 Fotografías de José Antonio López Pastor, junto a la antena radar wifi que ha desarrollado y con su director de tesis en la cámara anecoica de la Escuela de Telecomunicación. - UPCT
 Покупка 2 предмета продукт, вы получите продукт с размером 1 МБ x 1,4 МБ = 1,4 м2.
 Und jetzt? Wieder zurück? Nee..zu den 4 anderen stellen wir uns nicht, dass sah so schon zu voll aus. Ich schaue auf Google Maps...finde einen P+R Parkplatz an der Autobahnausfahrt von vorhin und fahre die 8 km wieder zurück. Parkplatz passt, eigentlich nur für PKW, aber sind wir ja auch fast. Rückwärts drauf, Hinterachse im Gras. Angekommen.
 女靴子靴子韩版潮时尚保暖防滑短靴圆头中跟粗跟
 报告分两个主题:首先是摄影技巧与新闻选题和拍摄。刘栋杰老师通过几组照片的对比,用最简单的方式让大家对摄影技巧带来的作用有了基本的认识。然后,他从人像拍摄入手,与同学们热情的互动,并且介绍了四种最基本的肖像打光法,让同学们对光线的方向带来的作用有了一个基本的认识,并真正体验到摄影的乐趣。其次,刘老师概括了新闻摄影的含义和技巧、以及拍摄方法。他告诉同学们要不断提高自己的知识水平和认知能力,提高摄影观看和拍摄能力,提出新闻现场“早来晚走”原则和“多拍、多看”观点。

==

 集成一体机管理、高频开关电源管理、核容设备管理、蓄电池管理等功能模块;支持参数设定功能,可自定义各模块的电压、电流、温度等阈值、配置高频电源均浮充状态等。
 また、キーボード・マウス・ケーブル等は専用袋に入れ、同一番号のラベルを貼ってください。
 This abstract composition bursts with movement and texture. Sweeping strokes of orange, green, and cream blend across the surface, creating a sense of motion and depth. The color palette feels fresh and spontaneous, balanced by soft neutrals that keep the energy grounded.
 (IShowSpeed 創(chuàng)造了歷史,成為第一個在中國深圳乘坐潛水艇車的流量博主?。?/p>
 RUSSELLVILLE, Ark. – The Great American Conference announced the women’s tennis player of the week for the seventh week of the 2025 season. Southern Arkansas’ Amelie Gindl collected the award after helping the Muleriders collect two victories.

**What the task asks:** What is needed is an exact copy of the lines above, from the one containing "Fotografías de José" through the one containing "报告分两个主题:首先是摄影技", with nothing added.

**Response box:**
 Fotografías de José Antonio López Pastor, junto a la antena radar wifi que ha desarrollado y con su director de tesis en la cámara anecoica de la Escuela de Telecomunicación. - UPCT
 Покупка 2 предмета продукт, вы получите продукт с размером 1 МБ x 1,4 МБ = 1,4 м2.
 Und jetzt? Wieder zurück? Nee..zu den 4 anderen stellen wir uns nicht, dass sah so schon zu voll aus. Ich schaue auf Google Maps...finde einen P+R Parkplatz an der Autobahnausfahrt von vorhin und fahre die 8 km wieder zurück. Parkplatz passt, eigentlich nur für PKW, aber sind wir ja auch fast. Rückwärts drauf, Hinterachse im Gras. Angekommen.
 女靴子靴子韩版潮时尚保暖防滑短靴圆头中跟粗跟
 报告分两个主题:首先是摄影技巧与新闻选题和拍摄。刘栋杰老师通过几组照片的对比,用最简单的方式让大家对摄影技巧带来的作用有了基本的认识。然后,他从人像拍摄入手,与同学们热情的互动,并且介绍了四种最基本的肖像打光法,让同学们对光线的方向带来的作用有了一个基本的认识,并真正体验到摄影的乐趣。其次,刘老师概括了新闻摄影的含义和技巧、以及拍摄方法。他告诉同学们要不断提高自己的知识水平和认知能力,提高摄影观看和拍摄能力,提出新闻现场“早来晚走”原则和“多拍、多看”观点。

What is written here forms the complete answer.